ラッセル『幸福論』

ラッセル幸福論 (岩波文庫)

ラッセル幸福論 (岩波文庫)

自意識過剰って損だよなあ。id:rararapocari:20050507で薦められたこの本を読んで、ますますそう思うようになった。
さまざまな不幸の原因を明らかにして、さらに幸福に至る道について、実践的な切り口で考察していく、という方法で、その内容はわかりやすかった。何よりも、1930年に書かれたこの本が、現代に十分通用するというところに、メッセージのたくましさとシンプルさを感じ取った。読んだ上で想起された様々な個人的感情を書くのは、愚痴になりそうなので書かないが、もっとも印象に残ったのはこの一言である。

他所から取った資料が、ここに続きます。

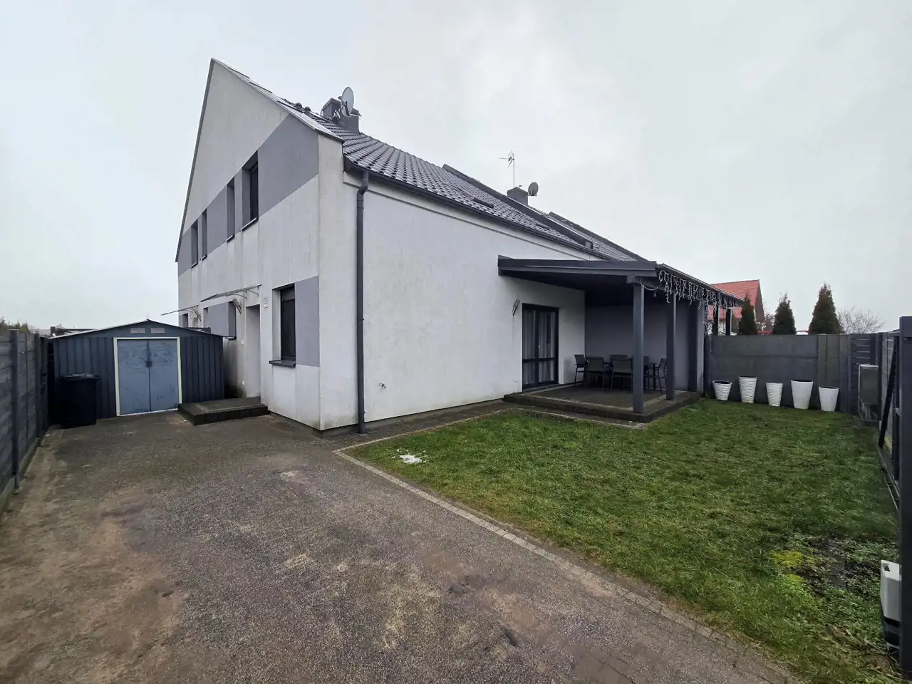 OPIS: nieruchomość wybudowana z dobrej jakości materiałów budowlanych, ocieplona i otynkowana, dach pokryty dachówką ceramiczną. Ogród zagospodarowany, z zadbanym trawnikiem i postawionym domkiem narzędziowym. Teren nieruchomości ogrodzony płotem drewnianym, od frontu zamontowana metalowa brama wjazdowa, sterowana elektrycznie. Chodniki, miejsce postojowe i zadaszony taras wyłożone kostką brukową.

ほかの方法では治しようもないくらい、どっぷり自己に没頭している不幸な人々にとっては、外的な訓練こそ幸福に至る唯一の道なのだ。

やっぱり、自意識過剰って、損だよなあ。

どこかでこういう話を読んだなあ、と思っていたら、村上龍の『昭和歌謡大全集 (幻冬舎文庫)』を思い出した。あれは、閉鎖的な集団の中でしかアイデンティティを保てなかった登場人物たちが、外部に関心の対象を向けることで(多少、荒唐無稽ではあるが)、生きがいを得ていく、という話だった。私は、その話も好きだ。